**Assignment**
Repeat all of the data word for word so that only the pictures are missing from the copy.

**Information provided**
_____
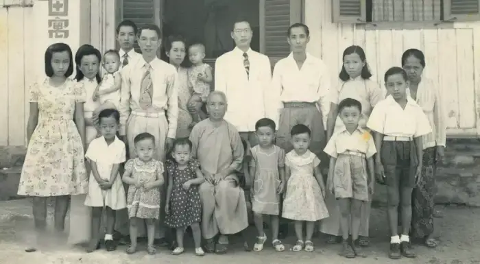 1950年代中摄于印尼耶加达的全家福,后排左四为田家炳
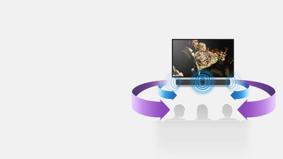 | Udoskonalony efekt dźwięku przestrzennego Funkcja Surround Sound Expansion sprawia, że dźwięk ma większy zasięg i unosi się do poziomu ekranu telewizora. Dzięki temu charakteryzuje się większą głębią, a Ty masz wrażenie, że pochodzi prosto z telewizora. |
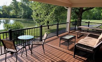 My husband and I along with friends, just returned home from a week at this beautiful rental. The property was exactly as it looked on VRBO. Harvey was a very accommodating host. We enjoyed sitting on the deck and watching the geese and heron on the pond and sitting by the creek. The guys enjoyed fishing in the pond. We are looking forward to our next visit!
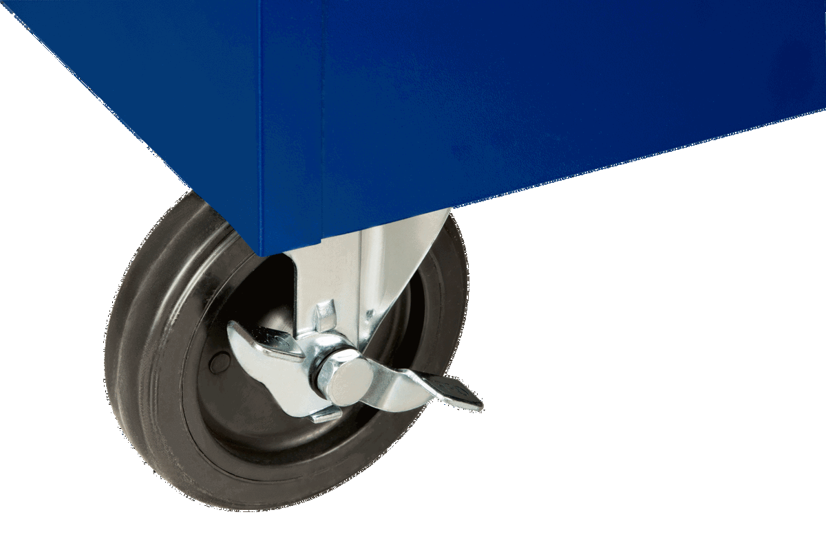 - Ruedas de 125 × 30 mm con rodamientos de bolas y goma que no deja marcas en las superficies: 2 ruedas fijas y 2 ruedas giratorias.
_____
**Answer space**
 1950年代中摄于印尼耶加达的全家福,后排左四为田家炳
 | Udoskonalony efekt dźwięku przestrzennego Funkcja Surround Sound Expansion sprawia, że dźwięk ma większy zasięg i unosi się do poziomu ekranu telewizora. Dzięki temu charakteryzuje się większą głębią, a Ty masz wrażenie, że pochodzi prosto z telewizora. |
 My husband and I along with friends, just returned home from a week at this beautiful rental. The property was exactly as it looked on VRBO. Harvey was a very accommodating host. We enjoyed sitting on the deck and watching the geese and heron on the pond and sitting by the creek. The guys enjoyed fishing in the pond. We are looking forward to our next visit!
 - Ruedas de 125 × 30 mm con rodamientos de bolas y goma que no deja marcas en las superficies: 2 ruedas fijas y 2 ruedas giratorias.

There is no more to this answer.